One additional aspect not mentioned is that the claims arguably recite only human action, nothing of which is an inventive concept.  While the first step recites "screening . . . by one or more expect systems . . . ," the step does not recite who or what performs the screening using the expert system.  Again, with these claims, it is a theme that they are lacking in any detail and use of 35 U.S.C. § 101 to invalidate the claims appears proper.
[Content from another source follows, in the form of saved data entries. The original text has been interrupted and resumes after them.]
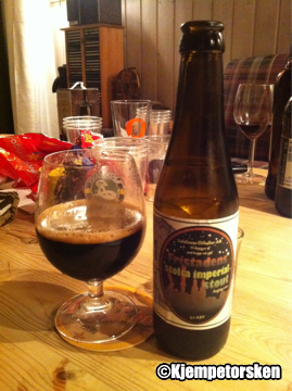 Litt tyktflytende og helt sort i fargen. Lysebrunt skum som forsvinner fort. Kraftig lukt av brent malt og en søtlig aroma av karamell og havre. Fantastisk fyldig og kraftig smak. Smak av kaffe, sjokolade og kakao. Spesiell smak av søt kaffe og mørkt sukker. En deilig munnfølelse med et fint alkoholstikk.
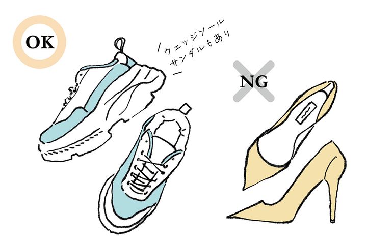 足首と足指が圧迫され、自由がきかず動かしにくいと足裏が上手く使えず、ふくらはぎが耐えて太くなり足首まで太く…。先が細くて幅が狭いハイヒールやパンプスは避けて。スニーカーがベスト!
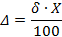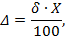 δ - граница относительной погрешности методики (показатель точности в соответствии с диапазоном концентраций), %.

As seen within much literature published on the subject of software claims and 35 U.S.C. § 101, one of the most fundamental steps that a patent drafter can do to help the patent survive § 101 challenges is to describe the invention in complete detail by not only describing an algorithm, but also, describing each function of the algorithm in detail as well as describing structural components of devices that perform each function of the algorithm.  Vague and imprecise descriptions that may be thought to be crafty patent drafting resulting in broad claims that can cover many infringers, such as with the '392 patent "expert system decision module", are no longer sufficient.

An interesting note with this case is that the inventor, Kevin Roe, of the '392 patent is an attorney who also filed and prosecuted the application leading to the '392 patent, and further appears to have argued the appeal on behalf of Vehicle Intelligence.

Vehicle Intelligence and Safety LLC v. Mercedes-Benz USA, LLC (Fed. Cir. 2015)
Nonprecedential disposition
Panel: Circuit Judges Moore, Clvenger, and Reyna
Per curiam opinion

DISCLAIMER: Because of the generality of this update, the information provided herein may not be applicable in all situations and should not be acted upon without specific legal advice based on particular situations.